» **Input**
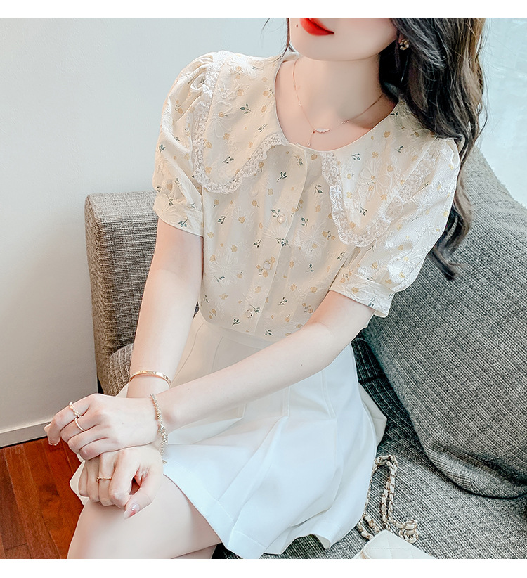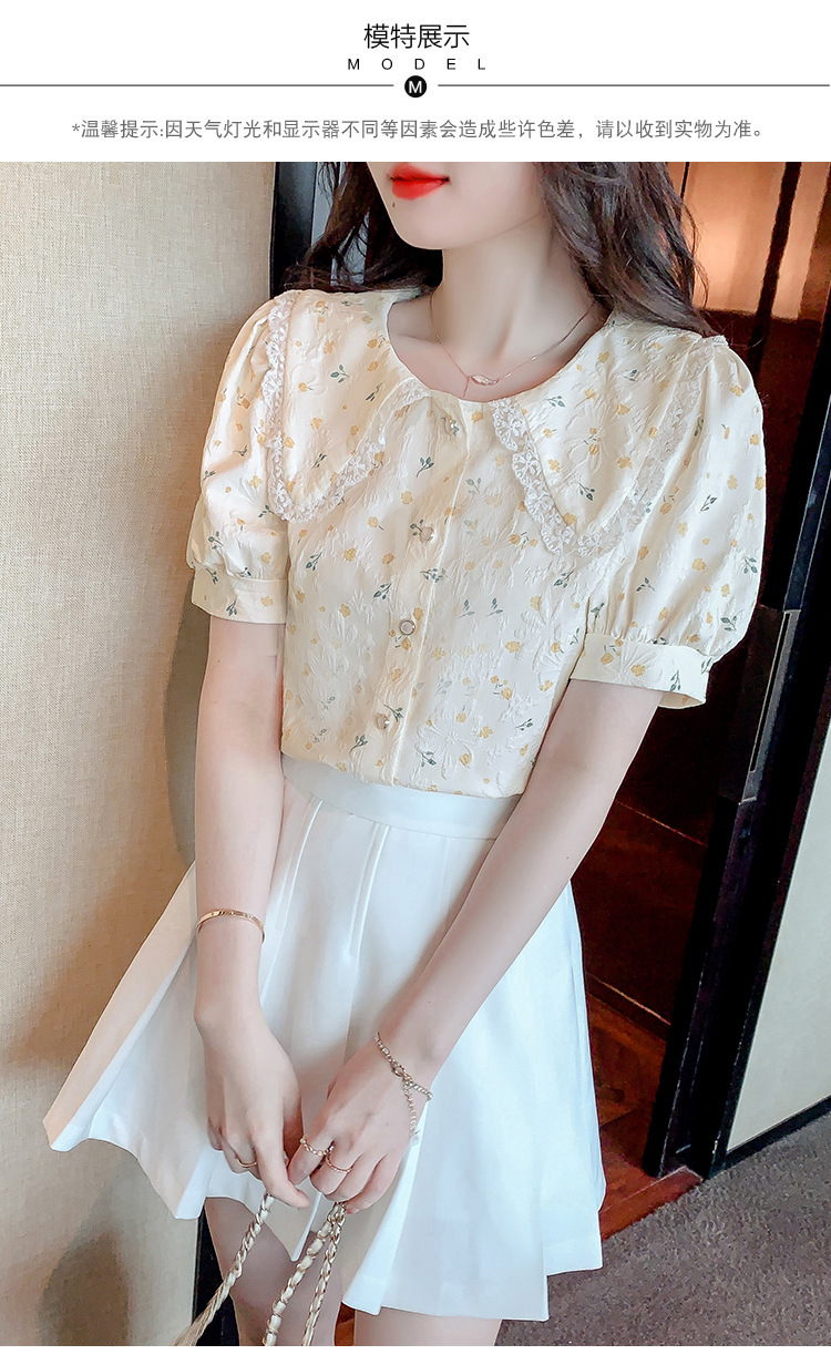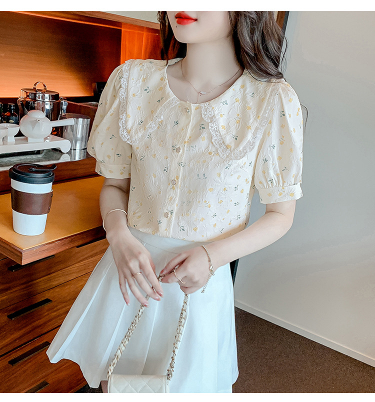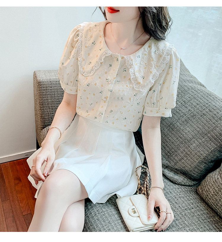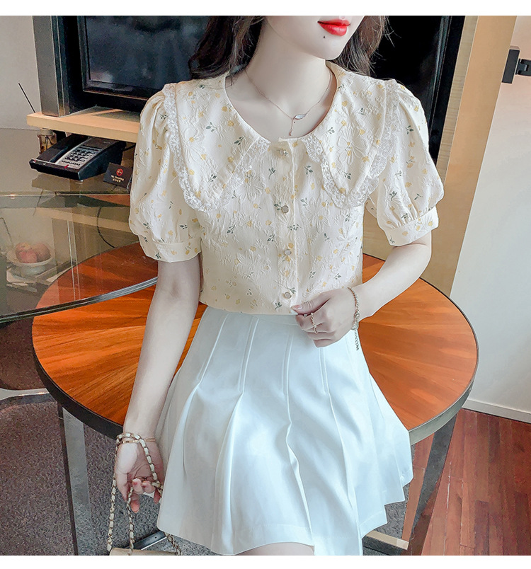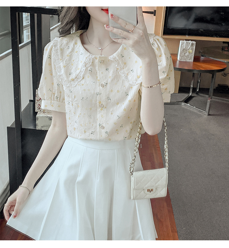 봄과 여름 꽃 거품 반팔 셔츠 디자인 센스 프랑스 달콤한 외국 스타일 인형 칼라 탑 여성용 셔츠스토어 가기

---

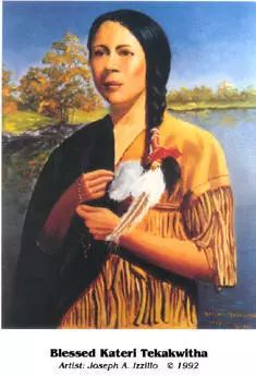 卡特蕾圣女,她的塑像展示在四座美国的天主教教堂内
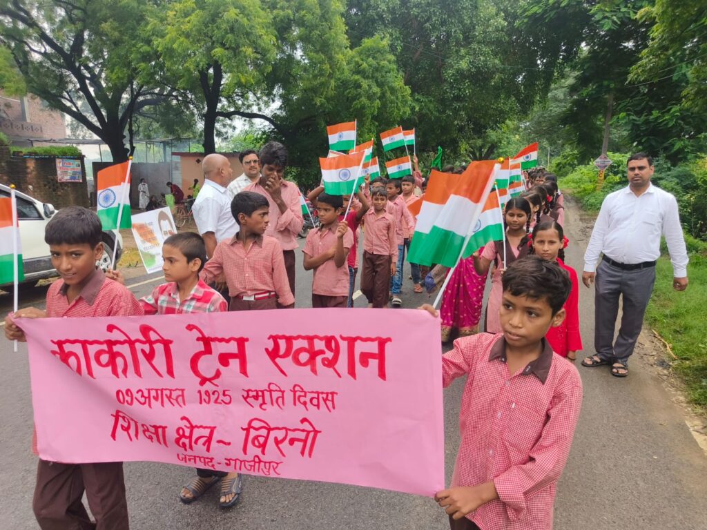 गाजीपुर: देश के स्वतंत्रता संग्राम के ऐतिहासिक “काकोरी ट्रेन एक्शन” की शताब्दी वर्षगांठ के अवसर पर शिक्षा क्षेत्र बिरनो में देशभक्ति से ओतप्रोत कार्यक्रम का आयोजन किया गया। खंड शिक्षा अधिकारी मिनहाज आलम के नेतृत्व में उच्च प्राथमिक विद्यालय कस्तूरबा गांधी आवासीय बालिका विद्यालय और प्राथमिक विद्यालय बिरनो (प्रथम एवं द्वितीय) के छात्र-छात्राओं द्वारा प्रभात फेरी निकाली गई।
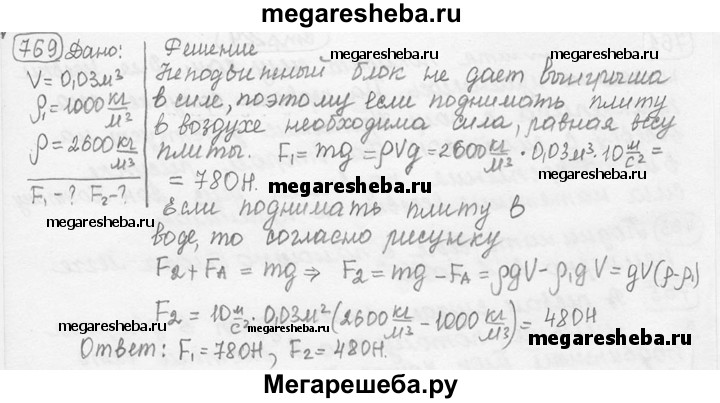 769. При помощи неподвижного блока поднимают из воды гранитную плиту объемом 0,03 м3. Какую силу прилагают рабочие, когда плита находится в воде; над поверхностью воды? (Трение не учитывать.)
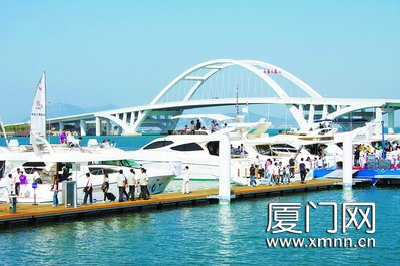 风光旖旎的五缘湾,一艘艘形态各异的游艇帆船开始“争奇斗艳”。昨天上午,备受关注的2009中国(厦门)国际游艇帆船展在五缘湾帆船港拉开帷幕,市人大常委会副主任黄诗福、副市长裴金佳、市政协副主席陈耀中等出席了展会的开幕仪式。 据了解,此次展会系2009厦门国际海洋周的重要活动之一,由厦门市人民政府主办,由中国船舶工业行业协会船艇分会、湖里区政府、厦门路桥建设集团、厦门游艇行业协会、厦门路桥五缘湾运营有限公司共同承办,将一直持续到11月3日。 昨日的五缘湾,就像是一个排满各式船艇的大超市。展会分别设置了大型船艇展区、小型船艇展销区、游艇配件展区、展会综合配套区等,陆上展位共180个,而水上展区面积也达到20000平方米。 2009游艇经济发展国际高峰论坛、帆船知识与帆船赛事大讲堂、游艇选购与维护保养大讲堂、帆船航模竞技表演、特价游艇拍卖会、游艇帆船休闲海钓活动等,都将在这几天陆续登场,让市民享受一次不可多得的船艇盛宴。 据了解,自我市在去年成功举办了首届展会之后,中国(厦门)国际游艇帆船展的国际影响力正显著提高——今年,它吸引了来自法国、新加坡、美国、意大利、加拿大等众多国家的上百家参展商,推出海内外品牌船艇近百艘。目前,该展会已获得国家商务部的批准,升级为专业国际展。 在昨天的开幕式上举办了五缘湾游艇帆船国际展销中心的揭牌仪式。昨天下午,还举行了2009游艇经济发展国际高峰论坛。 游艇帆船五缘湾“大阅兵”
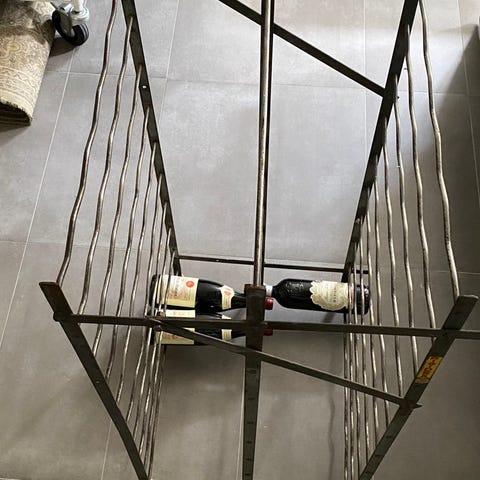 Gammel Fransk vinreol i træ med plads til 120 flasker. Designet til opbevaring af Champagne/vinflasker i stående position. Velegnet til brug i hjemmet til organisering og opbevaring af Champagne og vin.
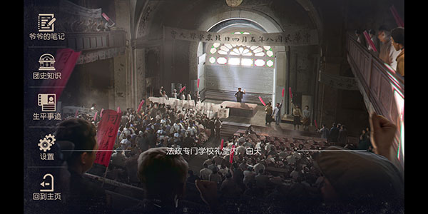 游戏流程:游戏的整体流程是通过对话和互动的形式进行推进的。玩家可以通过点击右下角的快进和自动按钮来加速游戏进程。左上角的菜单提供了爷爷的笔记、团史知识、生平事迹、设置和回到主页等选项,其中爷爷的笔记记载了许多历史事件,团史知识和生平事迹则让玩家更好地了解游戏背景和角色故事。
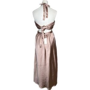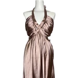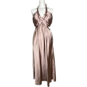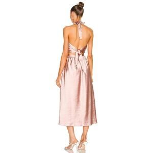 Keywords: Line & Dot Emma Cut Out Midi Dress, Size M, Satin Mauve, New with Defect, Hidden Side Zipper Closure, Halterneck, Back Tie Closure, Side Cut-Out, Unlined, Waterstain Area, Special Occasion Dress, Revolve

» **What the exercise asks**
From the records above, copy only the lines running from the line holding "Gammel Fransk vinreol" through the line holding "Keywords: Line &", with no pictures.

» **Result of this task**
 Gammel Fransk vinreol i træ med plads til 120 flasker. Designet til opbevaring af Champagne/vinflasker i stående position. Velegnet til brug i hjemmet til organisering og opbevaring af Champagne og vin.
 游戏流程:游戏的整体流程是通过对话和互动的形式进行推进的。玩家可以通过点击右下角的快进和自动按钮来加速游戏进程。左上角的菜单提供了爷爷的笔记、团史知识、生平事迹、设置和回到主页等选项,其中爷爷的笔记记载了许多历史事件,团史知识和生平事迹则让玩家更好地了解游戏背景和角色故事。
 Keywords: Line & Dot Emma Cut Out Midi Dress, Size M, Satin Mauve, New with Defect, Hidden Side Zipper Closure, Halterneck, Back Tie Closure, Side Cut-Out, Unlined, Waterstain Area, Special Occasion Dress, Revolve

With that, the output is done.